DECLARE #TmpTbl_SKUs AS TABLE
(
Vendor VARCHAR (255),
Number VARCHAR(4),
SKU VARCHAR(20),
PurchaseOrderDate DATETIME,
LastReceivedDate DATETIME,
DaysDifference INT
)
INSERT INTO #TmpTbl_SKUs
(Vendor, Number, SKU, PurchaseOrderDate, LastReceivedDate, DaysDifference)
SELECT 'OTHER PMDD', '1111', 'OP1111', '2009-08-21 00:00:00.000', '2009-09-02 00:00:00.000', 12
UNION ALL
SELECT 'OTHER PMDD', '1111', 'OP1112', '2009-12-09 00:00:00.000', '2009-12-17 00:00:00.000', 8
UNION ALL
SELECT 'MANTOR', '3333', 'MA1111', '2006-02-15 00:00:00.000', '2006-02-23 00:00:00.000', 8
UNION ALL
SELECT 'MANTOR', '3333', 'MA1112', '2006-02-15 00:00:00.000', '2006-02-23 00:00:00.000', 8;
First I'm running the script on the unmodified data. Here's the result:
SKU AvgDiff
-------------------- -----------
MA1111 8
MA1112 8
OP1111 12
OP1112 8
AvgDiff for every SKU is identical to the original DaysDifference for every SKU, because there's only one row per each one.
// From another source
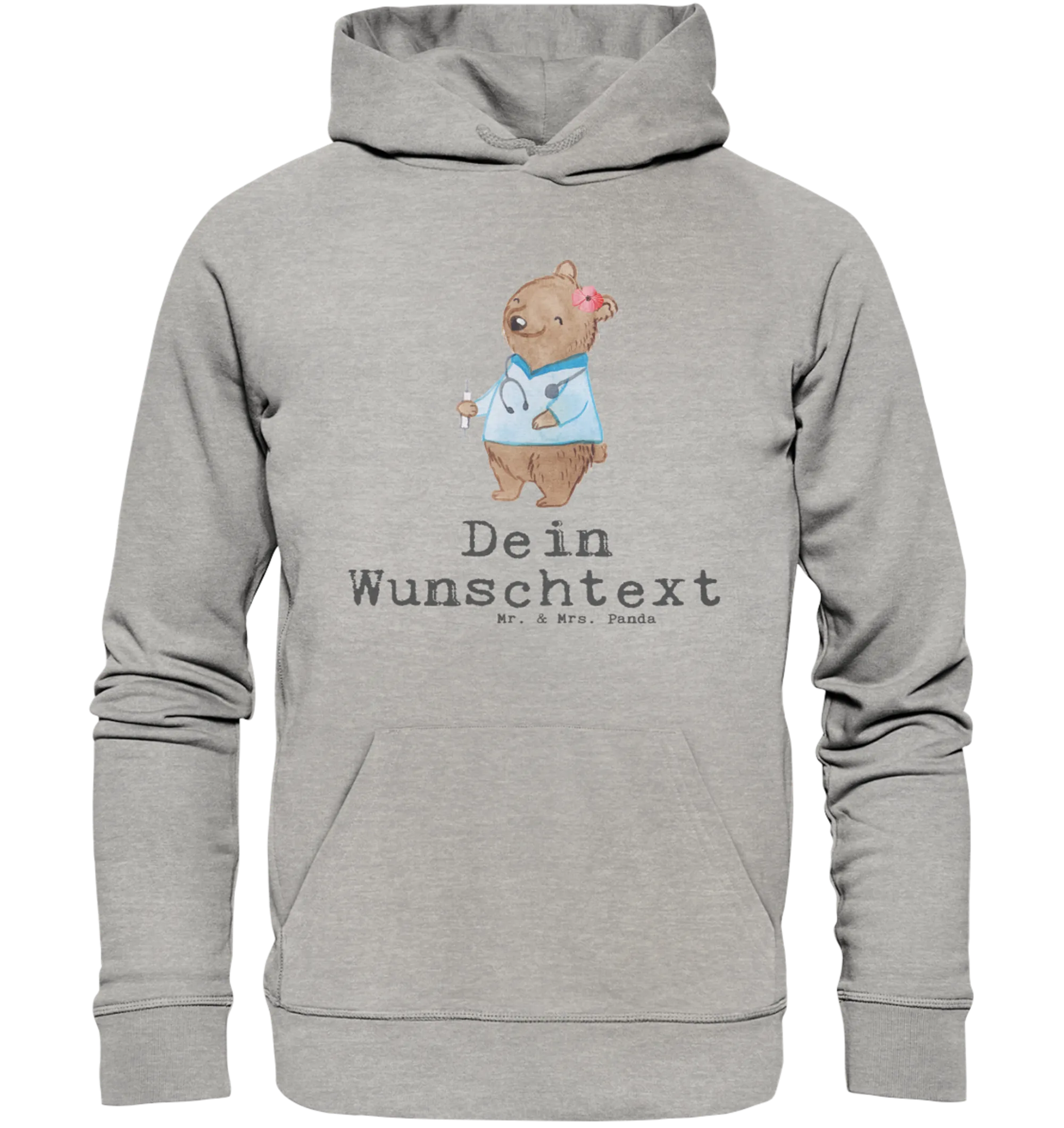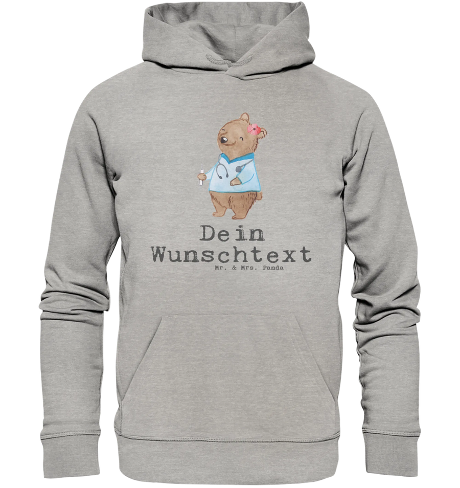 Dieser Hoodie ist nicht nur weich und flauschig, sondern auch personalisierbar mit deinem Wunschtext oder Namen, was ihn zu einem ganz besonderen Geschenk macht. Mit dem liebevollen Motiv einer süßen Bärendame, die sich um Patienten kümmert, trifft dieser Hoodie garantiert ins Schwarze. Egal, ob zum Jubiläum, als Dankeschön für die tolle Arbeit oder als Abschiedsgeschenk – dieser Hoodie wird jedem ein Lächeln ins Gesicht zaubern.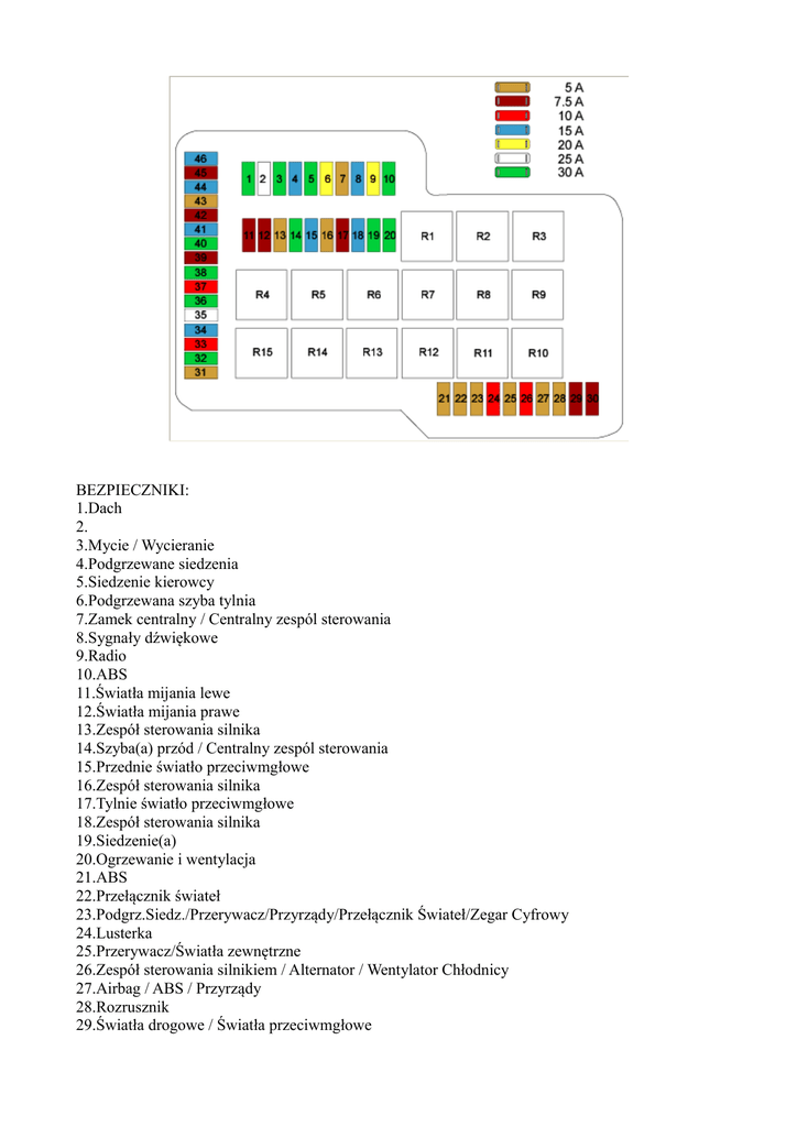 BEZPIECZNIKI: 1.Dach 2. 3.Mycie / Wycieranie 4.Podgrzewane siedzenia 5.Siedzenie kierowcy 6.Podgrzewana szyba tylnia 7.Zamek centralny / Centralny zespól sterowania 8.Sygnały dźwiękowe 9.Radio 10.ABS 11.Światła mijania lewe 12.Światła mijania prawe 13.Zespół sterowania silnika 14.Szyba(a) przód / Centralny zespól sterowania 15.Przednie światło przeciwmgłowe 16.Zespół sterowania silnika 17.Tylnie światło przeciwmgłowe 18.Zespół sterowania silnika 19.Siedzenie(a) 20.Ogrzewanie i wentylacja 21.ABS 22.Przełącznik świateł 23.Podgrz.Siedz./Przerywacz/Przyrządy/Przełącznik Świateł/Zegar Cyfrowy 24.Lusterka 25.Przerywacz/Światła zewnętrzne 26.Zespół sterowania silnikiem / Alternator / Wentylator Chłodnicy 27.Airbag / ABS / Przyrządy 28.Rozrusznik 29.Światła drogowe / Światła przeciwmgłowe 30.Światła drogowe / Światła przeciwmgłowe 31.Silnik rozruchowy / Komputer Pokładowy / Układ Alarmowy / Immobilizer / Przyrządy / Zegar / Moduł sterowania nadwozia 32.Przedział dla pasażerów 33.Moduł sterowania nadwozia / Boczne światła / Światło tablicy rejestracyjnej / Przełącznik świateł / Tylnie lampy / Lampy wewnętrzne 34.Światła awaryjne / Czujnik wypadkowy / Czujnik alarmu 35.Moduł sterowania nadwozia / Centralny zamek 36.Układ mycia wycierania 37.Wyrównanie reflektora / Boczne światła / Światło tablicy rejestracyjnej / Tylnie lampy / Lampy wewnętrzne / Przedział dla pasażerów / Układ wycierania mycia 38.ABS / Ogrzewanie wentylacja 39.Zespół sterowania silnika / Ogrzewanie wentylacja 40.Ogrzewanie i wentylacja 41.Airbag 42.Airbag 43.Moduł sterowania nadwozia / Lampy wewnętrzne / Zamek centralny 44.Radio / Moduł sterowania nadwozia / Urządzenia do mycia przedniej szyby 45.Zegar / Immobilizer 46.Światła STOP / Przyrządy / Komputer pokładowy / Regulator ruchu. .. PRZEKAŹNIKI: 1.Pompa paliwa 2.Glowny przekaznik silnika 3.Grzalka lambdy 4.Klakson 5.Przednie swiatla i przeciwmgielne przednie 6.wolny kierunkowskaz 7.szybki kierunkowskaz (gdy przepalona zarowka?) 8.Awaryjne 9.Nawiew 10Nawiew na tylna szybe 11.Abs system 12.Abs pompa 13.Wentylator ekektryczny chlodnicy szybki 14 ? 15 Wentylator elektryczny chlodnicy wolny.

Now I'm changing DaysDifference for SKU='MA1111' to 0 and running the script again. Ther result is:
SKU AvgDiff
-------------------- -----------
MA1111 4
MA1112 8
OP1111 12
OP1112 8
Now AvgDiff for MA1111 is 4. Why? Because the average for the SKU is 0, and so the average by Vendor is taken, which has been calculated as (0 + 8) / 2 = 4.
Next step is to set DaysDifference to 0 for all the SKUs of the same Vendor. In this case I'm setting it for SKUs MA1111 and MA1112. Here's the result of the script for this change:
SKU AvgDiff
-------------------- -----------
MA1111 7
MA1112 7
OP1111 12
OP1112 8
So now AvgDiff is 7 for both MA1111 and MA1112. How has it become so? Both have DaysDifference = 0. That means that the average by Vendor should be taken for each one. But Vendor average is 0 too in this case. According to the requirement, the average here should default to 7, which is what the script has returned.
So the script seems to be working correctly. I understand that it's either me having missed something or you having forgotten to mention some details. In any case, I would be glad to see where this script fails to solve your problem.